In the latest development in the Beverly Hills abortion clinic matter, two pro-choice advocacy organizations have launched a billboard campaign to fight for DuPont Clinic’s right to open in the city.
The LA Abortion Support Collective and the National Institute for Reproductive Health have sponsored five billboards urging people to sign a petition calling on Beverly Hills to uphold its commitment to ensuring a safe place for abortion seekers and providers. Due to city regulations, the billboards cannot be placed in Beverly Hills and are instead scattered across Los Angeles.
“The city is already home to medical offices that offer reproductive health services and has been very clear on its position of strongly supporting a person’s right to choose. The decision to rescind DuPont Clinic’s lease was not made by the city of Beverly Hills,” Public Information Officer Lauren Santillana told the Courier in response to the campaign.
DuPont Clinic was slated to open on Wilshire Boulevard in October 2023, but its landlord Douglas Emmett rescinded its lease in June 2023. The clinic has since filed lawsuits against Douglas Emmett and the city accusing them of colluding with anti-abortion activists to try and prevent the clinic from opening—allegations both parties deny.
“Elected leaders in California cannot claim to be pro-abortion champions while remaining silent and complicit when abortion clinics are blocked from opening,” said Bonyen Lee-Gilmore, VP of communications at the National Institute for Reproductive Health in a statement. “We call on the city of Beverly Hills to expand access to Californians and any person seeking care in this critical access state.”
The billboards will be located in Pico-Robertson, Mid-Wilshire, Whitter, Sun Valley and West Covina. In addition, the campaign includes a week-long mobile billboard truck, sidewalk decals and digital advertisements urging people to take action to support DuPont and protect abortion access.
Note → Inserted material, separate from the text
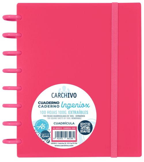 CUADERNO INGENIOX A5 100H CUADRICULA ROJO INTENSE
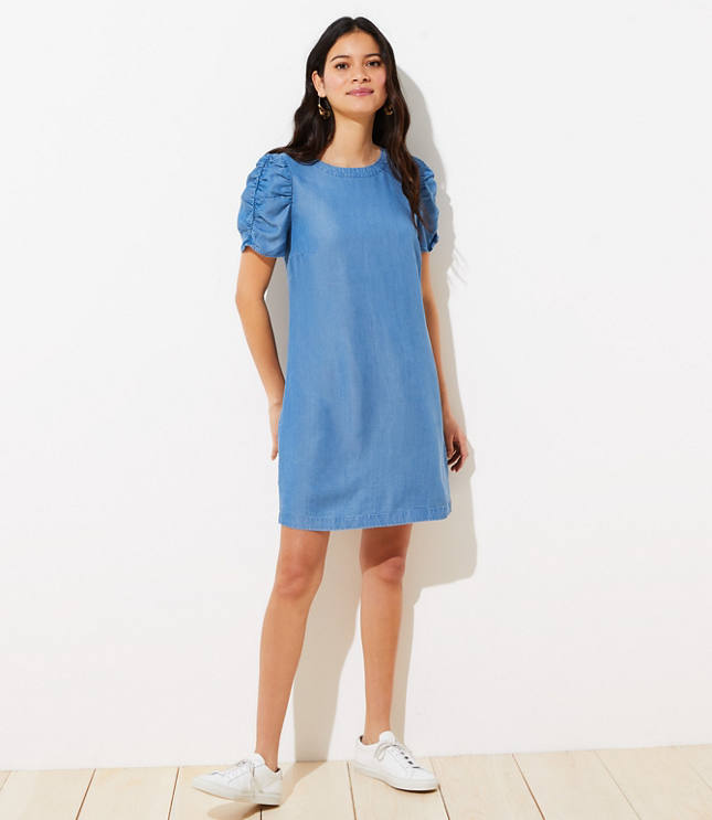 Chambray Ruched Sleeve Shift Dress casual chambray dress

DuPont Clinic is a Washington D.C.-based reproductive healthcare provider that specializes in the provision of late-term abortions. This, in particular, drew the ire of anti-abortion activist group Survivors of the Abortion Holocaust, which in late 2022 began holding regular protests outside of the proposed clinic location and in early 2023 began urging City Council members to deny DuPont permits to operate.
In its lawsuit against the city, DuPont Clinic alleges that “the city and Douglas Emmett have colluded together in the face of political pressure of the anti-abortion community instead of protecting DuPont and the right to abortion enshrined in the California Constitution.”
These are claims both the city and Douglas Emmett deny, but the pro-choice organizations believe.
“In a city and state with legal protections for abortion care, providers still cannot open the desperately needed clinics to provide the necessary abortion care later in pregnancy,” said Jess Fuselier, member of the Los Angeles Abortion Support Collective, in a statement. “Extremist behavior spreads misinformation about abortion, especially abortion later in pregnancy, and cannot be tolerated by our elected officials or police in LA, Beverly Hills or anywhere.”
The billboard campaign is set to run through early February. The lawsuits filed against the city and Douglas Emmett are pending judgment in the Superior Court of Los Angeles.